図1はストッパーを新設する事前作業を説明する図で、図1(a)は橋桁方向から見た正面図、図1(b)は平面図であり、図2は型枠セット、ジャッキアップ、超速硬性モルタル注入の本作業を説明する図で、図2(a)は橋桁直交方向からみた側面図、図2(b)は2回目以降のこう上方法を説明する側面図であり、図3は養生完了を示す側面図、図4は型枠を示す斜視図である。なお、図5、図6と同一参照数字は同一内容を示している。
本発明は、従来の場所打ちコンクリートによる施工法に代えて、超速硬性モルタル、継ぎ足し可能なストッパーおよび鋼製型枠を使用することにより、短時間での施工を可能にしたものである。以下に、施工順序について説明する。
【0008】
▲1▼事前施工として、数回のこう上が可能な余裕長を有し、継ぎ足しが可能なストッパーを新設する。なお、こう上の施工当日には、仮受けのジャッキをセットする。

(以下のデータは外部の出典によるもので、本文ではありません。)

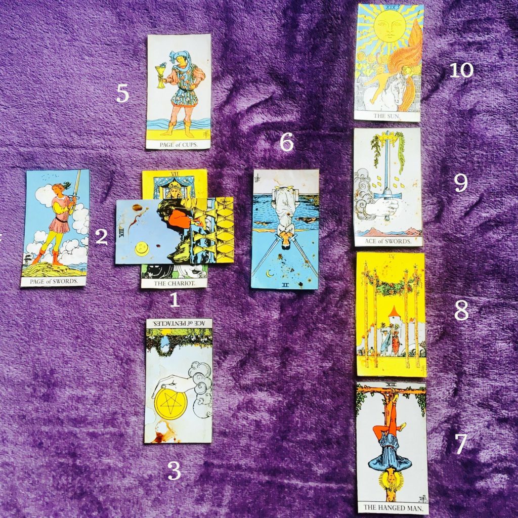 A second aspect of applying the Tarot for divination is that of the spread, or the layout of the cards when giving a reading. Each placement of a card represents an aspect of life. There are many spreads like the horseshoe, the 3 card spread and so on, but one of the most revealing is that of the Celtic Cross, which is spread of 10 cards (sometimes with an extra card).
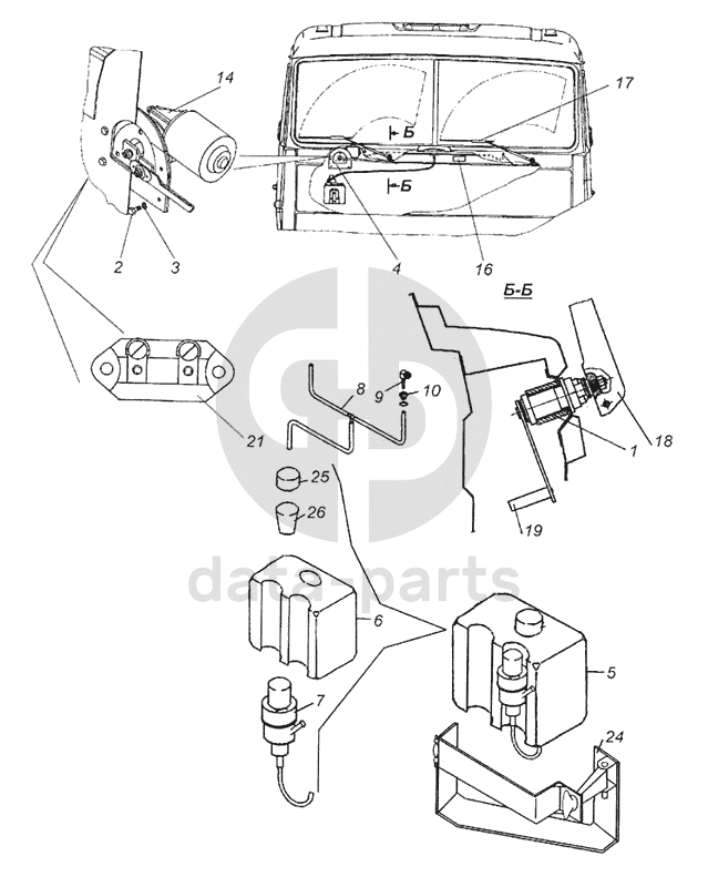 Установка стеклоочистителя и омывателя КамАЗ-6460

図1を参照してより詳細に説明すると、ストッパー21は太い鋼棒からなり、橋脚の前面のコンクリートを壊して削孔し、補強鉄筋とともに差し込んでコンクリートを打って埋め戻して設置する。橋桁底面には溶接、ボルト等でストッパーより大径の孔22を開けた水平力受け部材(プレート)23を取り付けておき、ストッパー21はこの孔22を通して、再度のこう上に備えた余裕長L1だけ上方に突出させ、ストッパー21とプレート23とで水平力を分担させる。何回かのこう上により、余裕長がなくなってきた場合は、さらにストッパー頂部に長さL2だけ溶接等で継ぎ足しを行う。なお、図1の24は既設こう上部分を示している。
【0009】
▲2▼作業開始後、まずシュー座ボルト25を外し(こう上されていない場合は橋脚から外す)、図2(a)に示すようにターンバックル26等で吊っておき、橋脚1の両側にボルト等で固定した鉄製の仮受用ブラケット8に設置した仮受けジャッキ9等で橋桁を必要量こう上(こう上量h1 )させた後、前回こう上されている場合のシュー座およびストッパを囲むような形に加工した継ぎ足し可能でかつ、スライドこう上が可能な鋼製型枠27を設置する。鋼製型枠は、図4に示すように2つのコの字型鋼材を向き合わせて両側に設けたフランジ31同士を突き合わせてボルト32で固定するものであり、2つのコの字型部材でストッパーとシュー座を囲むようにして設置する。この型枠は差し筋および補強鉄筋の代わりをなすものであり、これを使用することによりチッピング等の打ち継ぎ前処理が不要となる。
【0010】
▲3▼次いで、型枠の中に超速硬性モルタルを注入して橋桁1の支承部3と一体化する。超速硬性モルタルとしては、超速硬性セメントモルタル、超速硬性樹脂モルタル等があり、樹脂系では、硬化性能が優れているアクリル系が望ましい。
▲4▼注入後、1時間程度養生する。
▲5▼仮受用のブラケット8、ジャッキ9を撤去する。このとき、型枠27は取り外さずに残すして完了する(図3)。
【0011】
以上のようにこう上した後、沈下が生じて再度こう上する場合について説明する。
図4に示すように、鋼製型枠27の内面にはフィルムシート、グリス等の縁切り材33が形成されていて硬化モルタルとの脱型が容易な構造としており、また、側面には取付けジグ28が設けられていてこれに高さ調整用ボルト孔29が開けられている。再度こう上が必要な場合は、型枠内面の縁切り材33により注入した超速硬性モルタルと型枠とを切り離し、図2(b)に示すように、高さ調整用ボルト30でこう上量を調整して既設の型枠27をこう上(こう上量h2 )させ、その下側に新たに同様の構造の型枠27′を設置して、再度超速硬性モルタルを注入する。このような工程を繰り返すことにより、繰り返しのこう上が可能である。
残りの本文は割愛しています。